> [Exercise]: Begin with the first line below and retype each line exactly through the line containing "Un-mounted, original ribbons, the". Any pictures are to be left out.

> [Information supplied]:
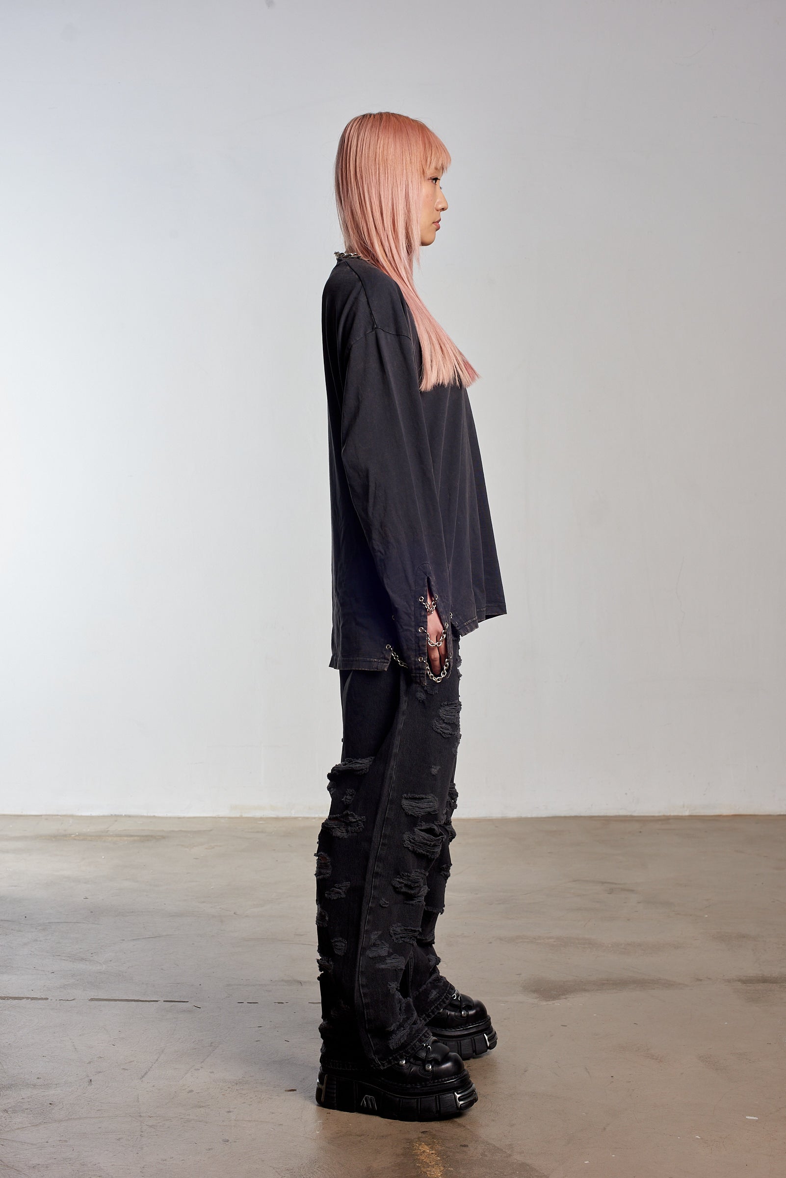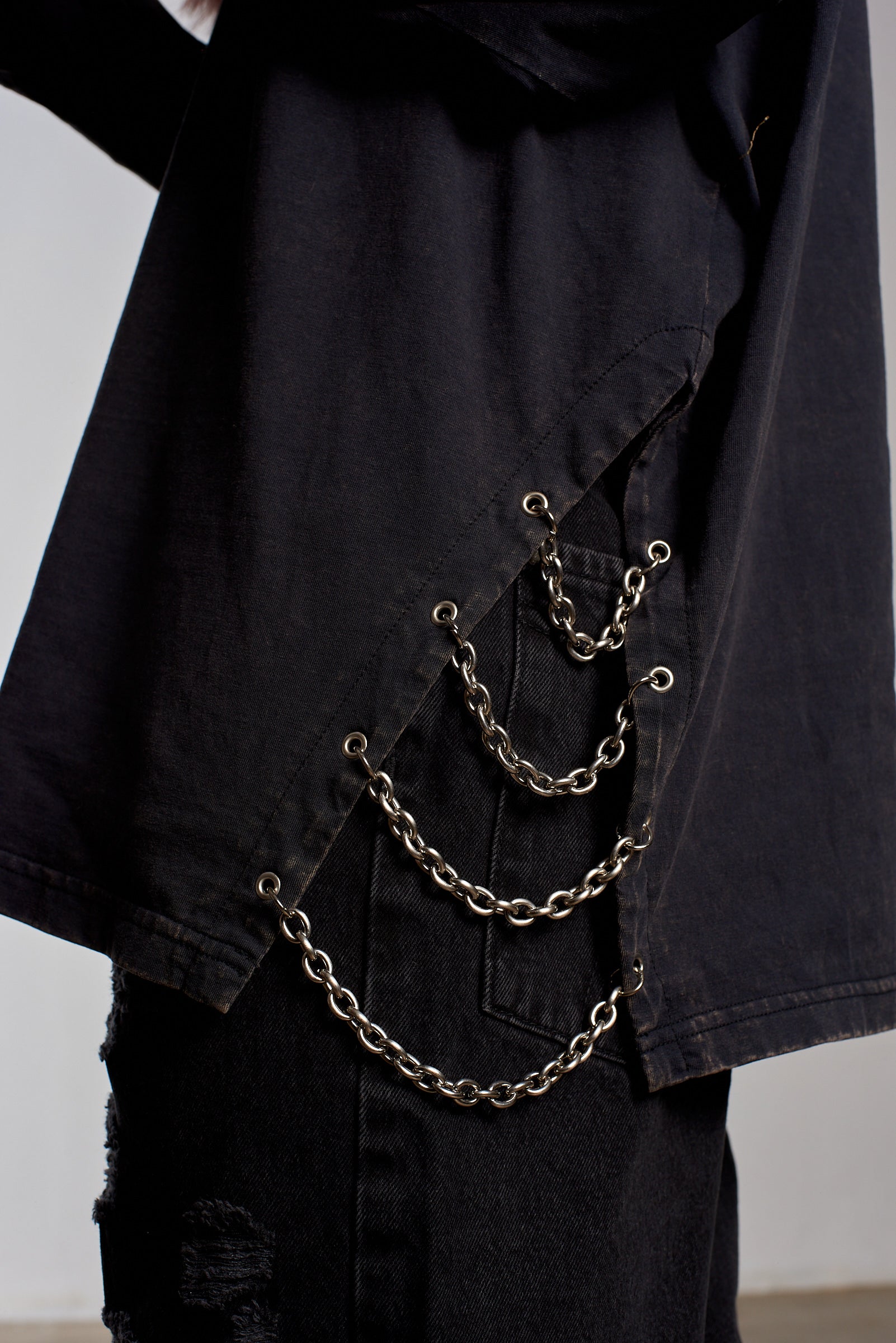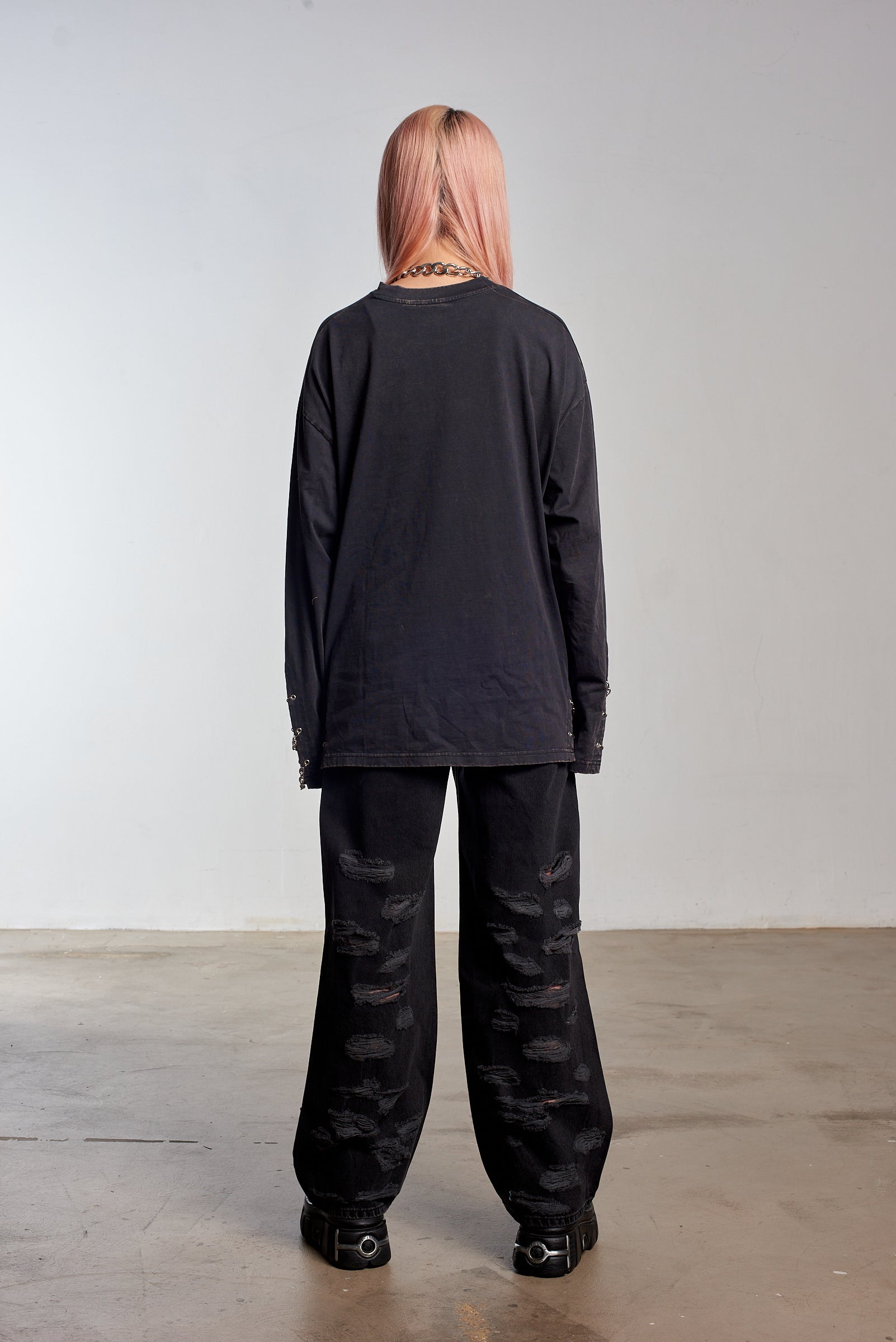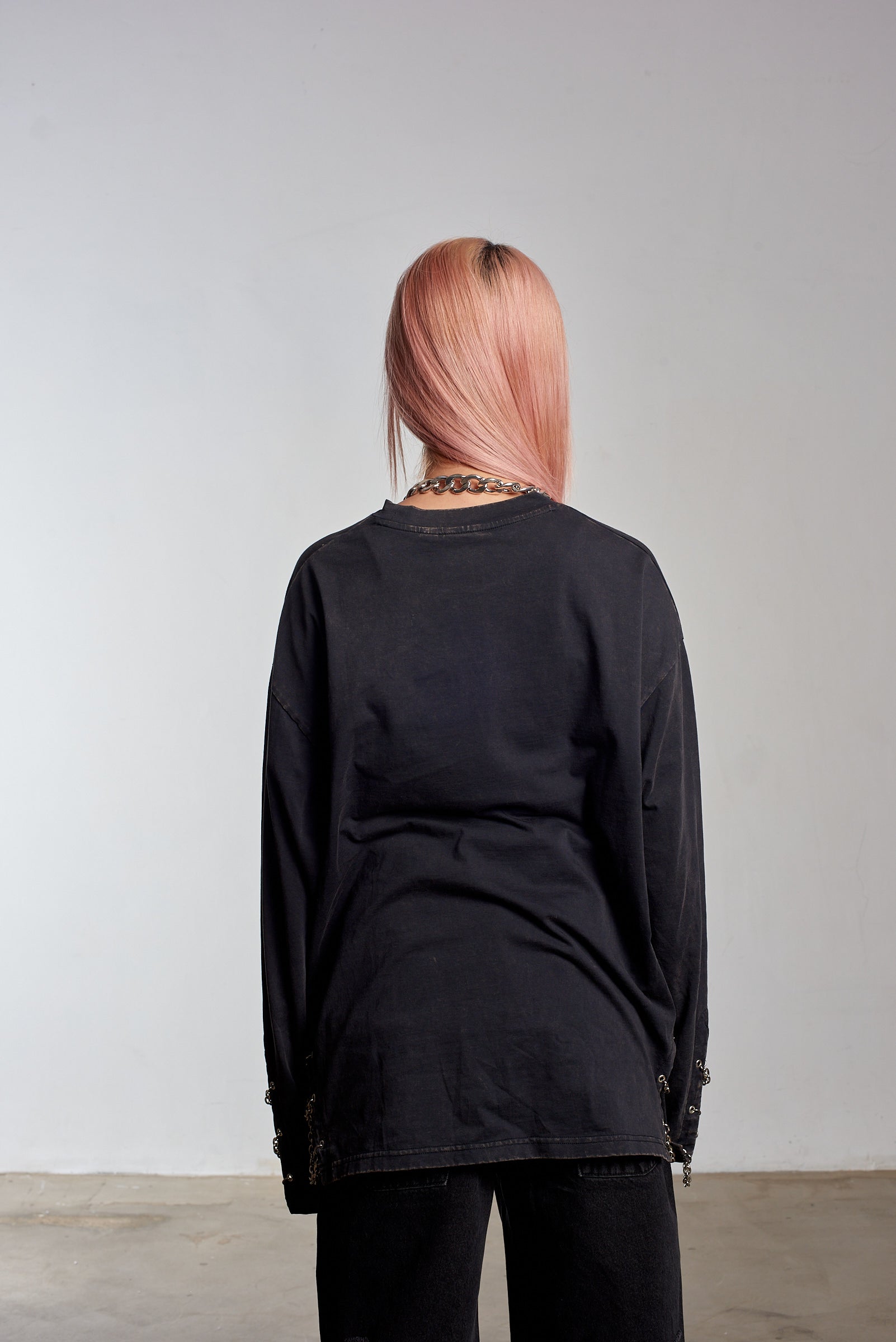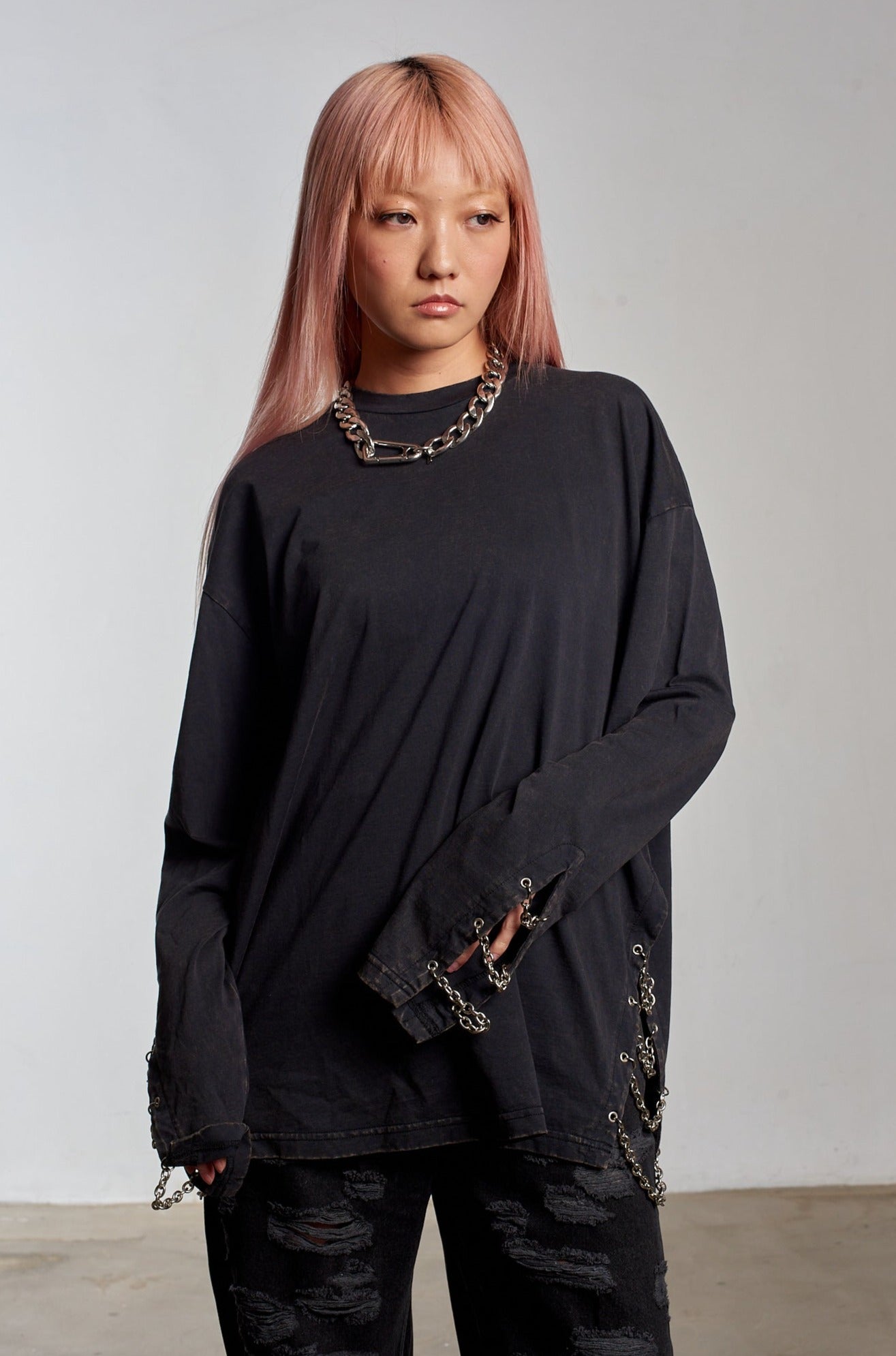 Charcoal oversized long sleeve tee with an acid wash. Features punk-inspired chain trim.
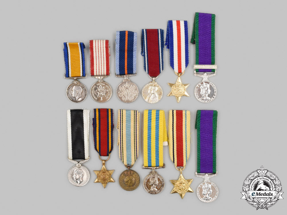 Un-mounted, original ribbons, the BCM and Canadian CM with a pinback, ranging from better than very fine to extremely fine.
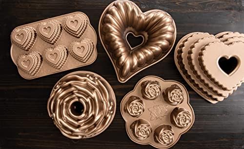 The Nordic Ware Platinum Rose Cast Aluminum Bundt Pan is made from cast aluminum, which ensures even heating for perfect baking results every time. This pan is built to last, so you can rely on it for years to come. The copper finish not only adds a touch of elegance to your kitchen, but it also helps to prevent sticking, making cleanup a breeze.

> [Result]:
 Charcoal oversized long sleeve tee with an acid wash. Features punk-inspired chain trim.
 Un-mounted, original ribbons, the BCM and Canadian CM with a pinback, ranging from better than very fine to extremely fine.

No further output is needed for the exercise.